Similarly, just about any institution can be deemed systemically important under the standard definition. Economic activity in the free market naturally encourages complexity and interconnectedness. That is how the magic of mutual benefit and prosperity spreads throughout the world.

But what is the wider financial system that we are so worried about? People invest in assets and securities with the understanding that they could lose all their money. That's why they don't usually put all their eggs in one basket. People trade with counterparties with full knowledge that in the event of distress or default, some of the money may not be recoverable. That's why they insist on collateral.

To be sure, there are critically important companies and industries in America. If the power goes out, we expect the electric company to be working round the clock. Other critical crews such as firefighters, ambulances, hospitals, and police are also available every hour of every day in the year.

But other businesses that are useful but not critical are not always open. The post office is closed on Sundays. Many museums are closed on Mondays. Most regular office businesses are closed all weekends.

On the other hand, many seemingly "unimportant" businesses are also open every day, often 24 hours a day: fast food restaurants, bookstores, supermarkets, and pharmacies. So it's not necessarily the case that every round-the-clock establishment is in some political sense important, but it does seem reasonable that any establishment that is in some political sense important better be open round-the-clock.

Are banks open round-the-clock? Famously, no. They are closed for every federal holiday observed by the Federal Reserve: Ten holidays a year including Labor Day, Columbus Day, Veterans Day, Martin Luther King Jr.'s birthday, Washington's birthday, and five more. By and large, banks are closed Sundays. They are closed at night. And when they are open, they work, by definition, banker's hours. (The seven-days, open-late model of a handful of community and regional banks is the exception that proves the rule.)

Yet economic activity continues to function even when banks are closed. Credit cards still work. ATMs dispense cash. Checks are accepted. The markets that people are willing to pay to be open are open.

If a crazy calendar somehow had several federal holidays in a row, and banks were closed for a full week, would anybody even notice?

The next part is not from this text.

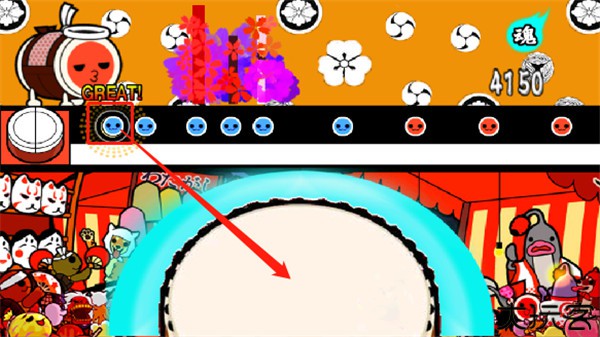 3、游戏内碰到红色鼓点,玩家需要点击敲击鼓面。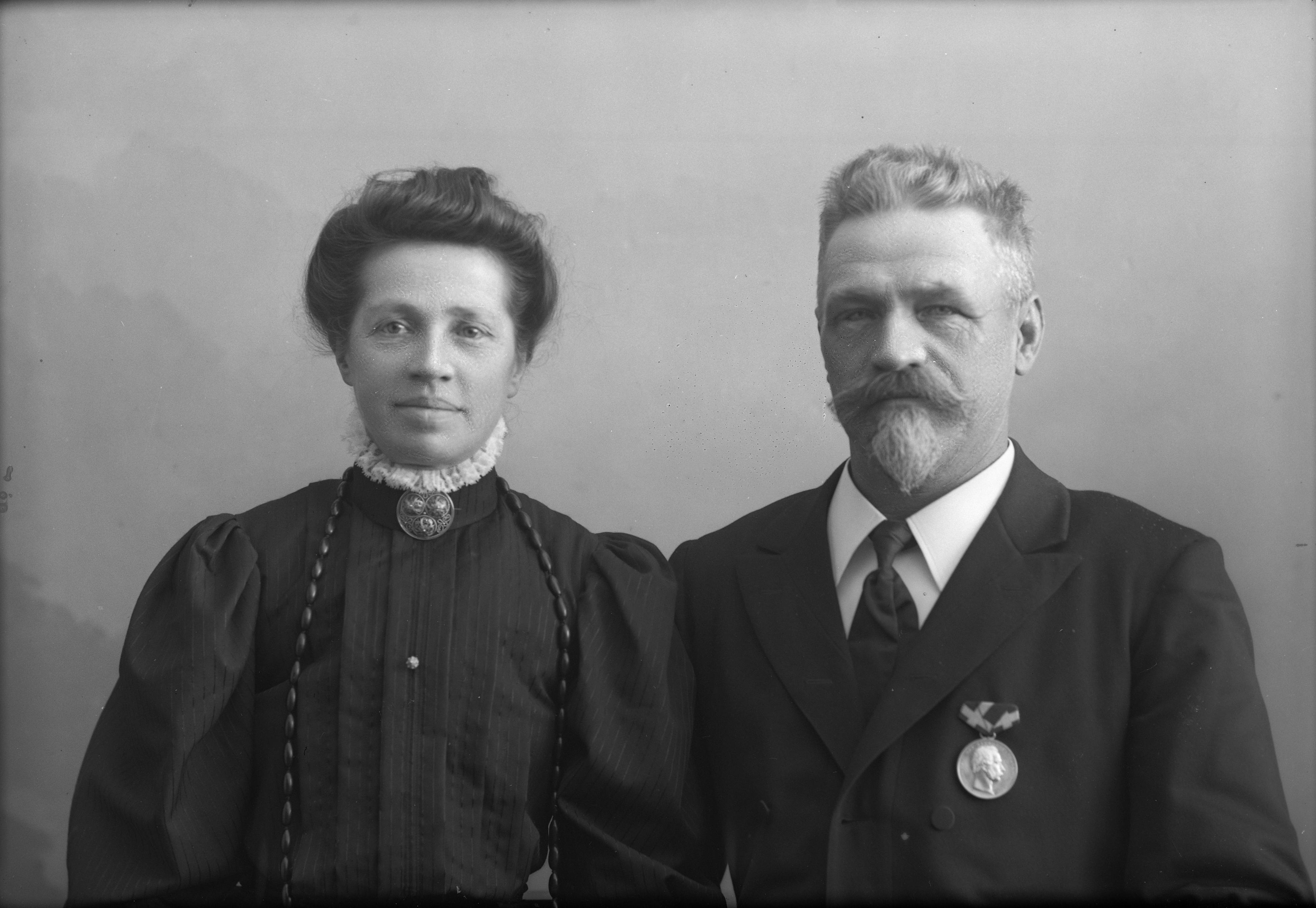 Beskrivning: Porträtt i halvfigur av herr Wahlgren med fru.

We in the banking and finance community like to think of ourselves as central and critically important to an economy, but perhaps banks are not that important after all. Their major function of clearing and moving money can obviously be postponed indefinitely without major ramifications. And of course that entire functionality can be replaced with electronic services such as PayPal or electronic currencies such as Bitcoin. Is PayPal a systemically important financial institution? Is Bitcoin, or Visa, or MasterCard? Not according to the FSB.

No financial institution is truly systemically important. I worked at Long Term Capital Management when the Federal Reserve twisted arms to orchestrate a private rescue. Would the world have been so much worse if LTCM had simply been allowed to fail or find its own solution? Perhaps it would have been better, given the implied sanction the event gave to future moral hazard.

The only times in history when the collapse of a company threatened an entire nation's economy were when the nation was intricately tied up with the company: The South Sea Company of the 18th century, a public-private partnership closely supported by the British government; the Mississippi Company, established under the auspices of King Louis XV by economist John Law; Fannie Mae and Freddie Mac. What else needs to be said?

Designating certain companies as systemically important accomplishes nothing more than putting them into a closer relationship with the government, making the designation itself a self-fulfilling prophecy. Without the excessive government interference that forces innocent people to be responsible for the failures of others, no financial institution would be systemically important.

Philip Maymin is an assistant professor of finance and risk engineering at NYU-Polytechnic Institute.